The location of subobject will be determined at runtime with the vptr and the vtable (reuse of the existing vptr implies less space overhead), or a direct internal pointer to the subobject (more overhead, less indirections needed).
Because the offset of a virtual base class is determined only for a complete object, and cannot be known for a given declared type, a virtual base cannot be allocated at offset zero and is never a primary base. A derived class will never reuse the vptr of a virtual base as its own vptr.
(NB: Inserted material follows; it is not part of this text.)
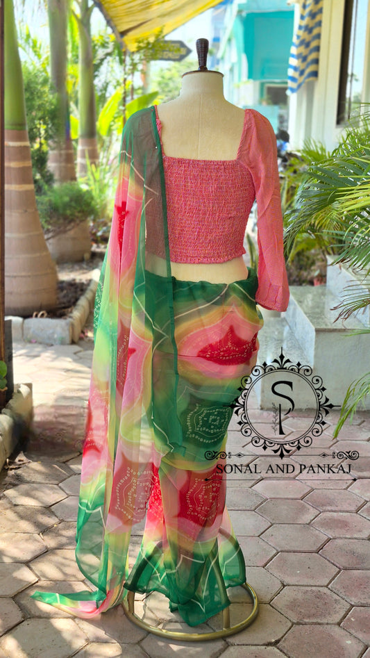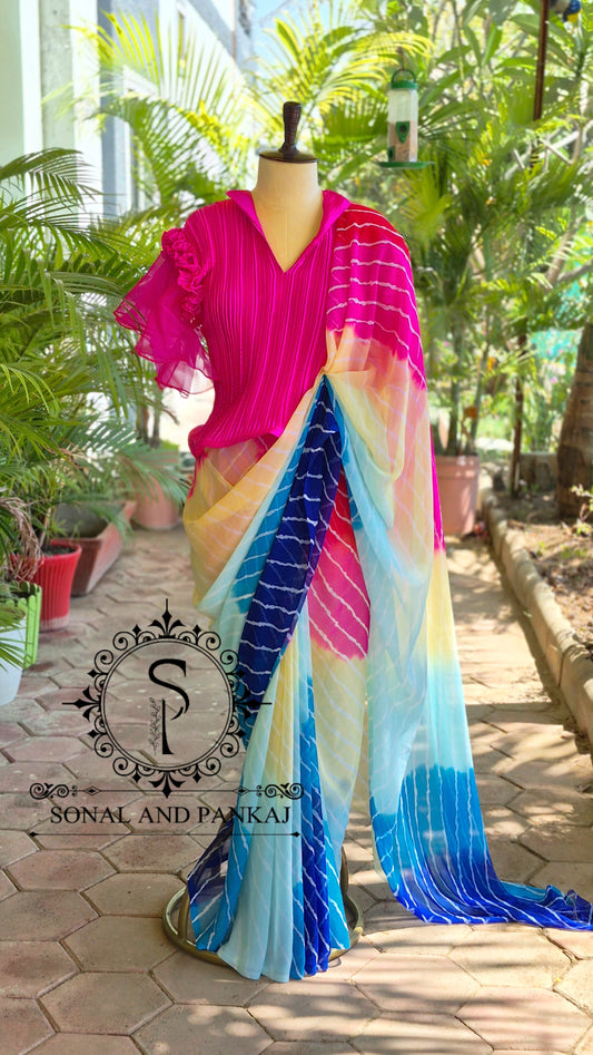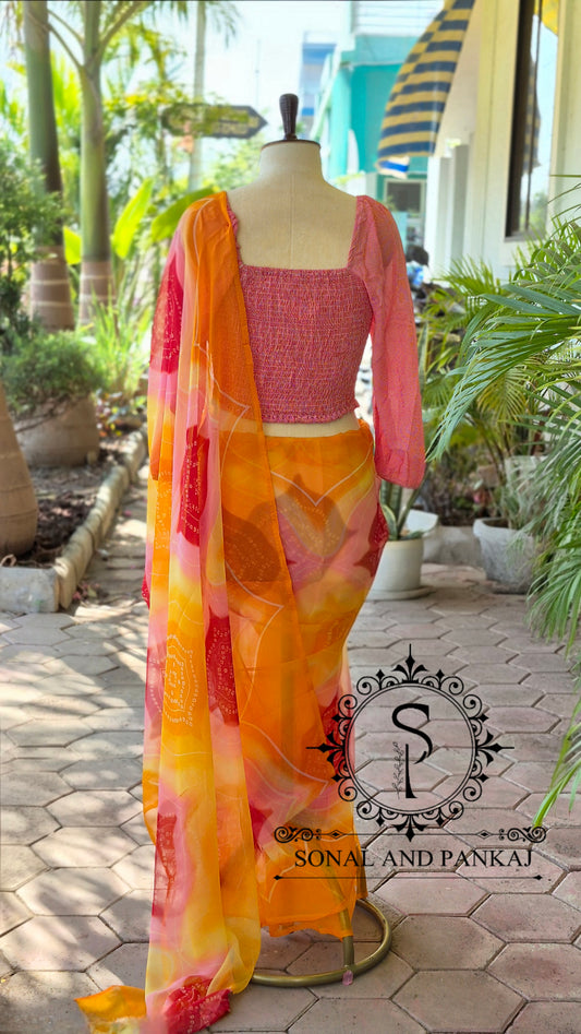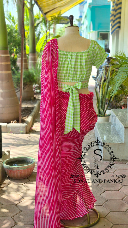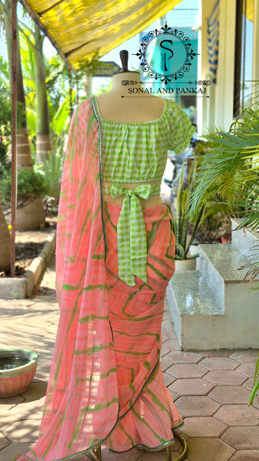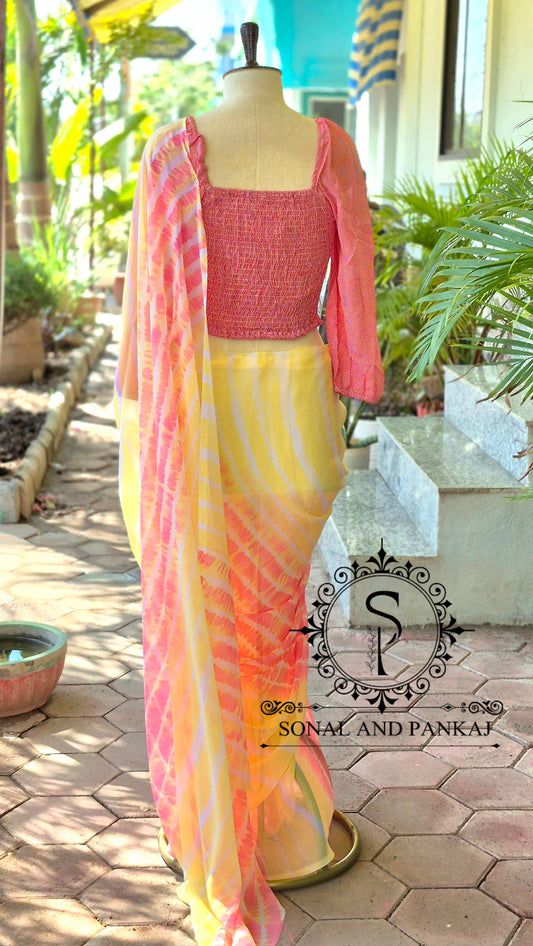Chemisier à paillettes dorées avec sari prêt à draper - SA00929

In term of possible translation:
struct vLeft__vtable {
int Top__offset; // relative vLeft-Top offset
void (*foo__ptr) (vLeft *__this);
// additional virtual member function go here
};
// this is what a subobject of type vLeft looks like
struct vLeft__subobject {
vLeft__vtable const *__vptr;
// data members go here
};
void vLeft__subobject__ctor (vLeft__subobject *__this) {
// initialise data members
}
// this is a complete object of type vLeft
struct vLeft__complete {
vLeft__subobject __sub;
Top Top__base;
};
// non virtual calls to vLeft::foo
void vLeft__real__foo (vLeft__complete *__this);
// virtual function implementation: call via base class
// layout is vLeft__complete
void Top__in__vLeft__foo (Top *__this) {
// inverse .Top__base member access
char *cp = reinterpret_cast<char*> (__this);
cp -= offsetof (vLeft__complete,Top__base);
vLeft__complete *__real = reinterpret_cast<vLeft__complete*> (cp);
vLeft__real__foo (__real);
}
void vLeft__foo (vLeft *__this) {
vLeft__real__foo (reinterpret_cast<vLeft__complete*> (__this));
}
// Top vtable for objects of real type vLeft
const Top__vtable Top__in__vLeft__real = {
/*foo__ptr =*/ Top__in__vLeft__foo
};
// vLeft vtable for objects of real type vLeft
const vLeft__vtable vLeft__real = {
/*Top__offset=*/ offsetof(vLeft__complete, Top__base),
/*foo__ptr =*/ vLeft__foo
};
void vLeft__complete__ctor (vLeft__complete *__this) {
// construct virtual bases first
Top__ctor (&__this->Top__base);
// construct non virtual bases:
// change dynamic type to vLeft
// adjust both virtual base class vptr and current vptr
__this->Top__base.__vptr = &Top__in__vLeft__real;
__this->__vptr = &vLeft__real;
vLeft__subobject__ctor (&__this->__sub);
}
For an object of known type, access to the base class is through vLeft__complete
:
struct a_vLeft {
vLeft m;
};
void f(a_vLeft &r) {
Top &t = r.m; // upcast
printf ("%p", &t);
}
is translated to:
struct a_vLeft {
vLeft__complete m;
};
void f(a_vLeft &r) {
Top &t = r.m.Top__base;
printf ("%p", &t);
}
Here the real (dynamic) type of r.m
is known and so is the relative position of the subobject is known at compile time. But here:
void f(vLeft &r) {
Top &t = r; // upcast
printf ("%p", &t);
}
the real (dynamic) type of r
is not known, so the access is through the vptr:
void f(vLeft &r) {
int off = r.__vptr->Top__offset;
char *p = reinterpret_cast<char*> (&r) + off;
printf ("%p", p);
}
This function can accept any derived class with a different layout:
// this is what a subobject of type vBottom looks like
struct vBottom__subobject {
vLeft__subobject vLeft__base; // primary base
vRight__subobject vRight__base;
// data members go here
};
// this is a complete object of type vBottom
struct vBottom__complete {
vBottom__subobject __sub;
// virtual base classes follow:
Top Top__base;
};
Note that the vLeft
base class is at a fixed location in a vBottom__subobject
, so vBottom__subobject.__ptr
is used as a vptr for the whole vBottom
.
Semantics:
The inheritance relation is shared by all derived classes; this means that the right to override is shared, so vRight
can override vLeft::foo
. This creates a sharing of responsibilities: vLeft
and vRight
must agree on how they customise Top
:
struct Top { virtual void foo(); };
struct vLeft : virtual Top {
override void foo(); // I want to customise Top
};
struct vRight : virtual Top {
override void foo(); // I want to customise Top
};
struct vBottom : vLeft, vRight { }; // error
Here we see a conflict: vLeft
and vRight
seek to define the behaviour of the only foo virtual function, and vBottom
definition is in error for lack of a common overrider.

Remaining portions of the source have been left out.